Mortality and mode of death were adjudicated by means of reviewing medical records by the study physicians. Mode of death was classified as sudden death (unexpected death in a clinically stable patient, typically within 1 hour of symptom onset, from documented or presumed cardiac arrhythmia and without a clear noncardiovascular cause), pump failure (progressively reduced cardiac output and failure of organ perfusion), noncardiac death, or not classifiable. Missing data on survival were obtained by contacting the federal registration offices. Rehospitalization for heart failure was defined as an at least 24 hours’ hospital stay for heart failure symptoms with documented change in heart failure–directed medication. Physicians assessing heart failure admissions were unaware of the mutation status of the patients.
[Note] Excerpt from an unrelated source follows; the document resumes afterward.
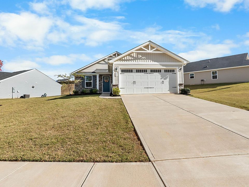 Just two years old, this home in Woodland Pointe is better than new and offers a beautiful 2-bedroom, 2-bathroom open floor plan with screened porch in the rear and 2-car attached garage. From the entry way, pass the dining room to the left on your way to the kitchen. Granite counters and a granite-topped island, as well as luxury vinyl plank flooring, accent the stainless steel appliances. (The refrigerator is included in the sale.) The custom island provides seating for meals and snacks and extra storage. The cozy living room offers after-dinner seating, as well as sliding door access to the screened patio and level back yard. The primary suite sits at the rear of the home for privacy and includes a brushed nickel-accented full bathroom, featuring a tiled shower. A large walk-in closet offers plentiful storage for clothes and more. You will find the laundry room just off the hallway leading from the primary suite. (Washer and dryer are included in the sale.) The second bedroom and full bathroom are near the front of the home, just off the entry hall. Outside, the sodded yard—with full irrigation system—gently slopes away from the home and could be fenced in with HOA approval. This suburban location is less than one mile from the newly opened Publix supermarket at the Shops at Arden Woods. Easy access to I-185 and downtown Greenville is also nearby.

Bone marrow aspirate (50 mL) was obtained from the iliac crest with local anesthesia. Bone marrow–derived mononuclear cells were isolated by Ficoll density-gradient centrifugation, as previously reported.12,15
DNA was isolated with QIAamp DNA Mini Kit (Qiagen) from deep-frozen samples of BMC and peripheral blood. The concentration of the extracted genomic DNA was determined using the Qubit dsDNA HS Assay Kit (Life Technologies) on a Qubit Fluorometer (Life Technologies).
A custom panel based on the Illumina TruSeq Custom Amplicon Low Input assay was designed to assess the presence of CHIP in the patients. The panel includes 594 amplicons in 56 genes (eTable 1 in the Supplement) commonly mutated in CHIP and myeloid malignancies. To allow improved identification of low allele frequency variants, a dual-strand approach was used. In addition, 6-bp unique molecular identifiers (UMIs) were included in the target specific primers.
Target enrichment was performed from 40-ng genomic DNA according to the instructions of the TruSeq Custom Amplicon Low Input Kit (Illumina). The hybridization of the oligo pool to the target regions, the extension from the upstream oligo, and the following ligation to the 5′ end of the downstream oligo was performed on a T100 Thermal Cycler (Bio-Rad Laboratories). Amplification of the ligation products and addition of the Illumina i7 and i5 adapter sequences was performed on a T100 Thermal Cycler (Bio-Rad Laboratories). After purification, library quality and size distribution were assessed on a Bioanalyzer 2100 (Agilent Technologies) using the DNA 1000 Kit. Bead-based library normalization was performed before pooling of the individual libraries.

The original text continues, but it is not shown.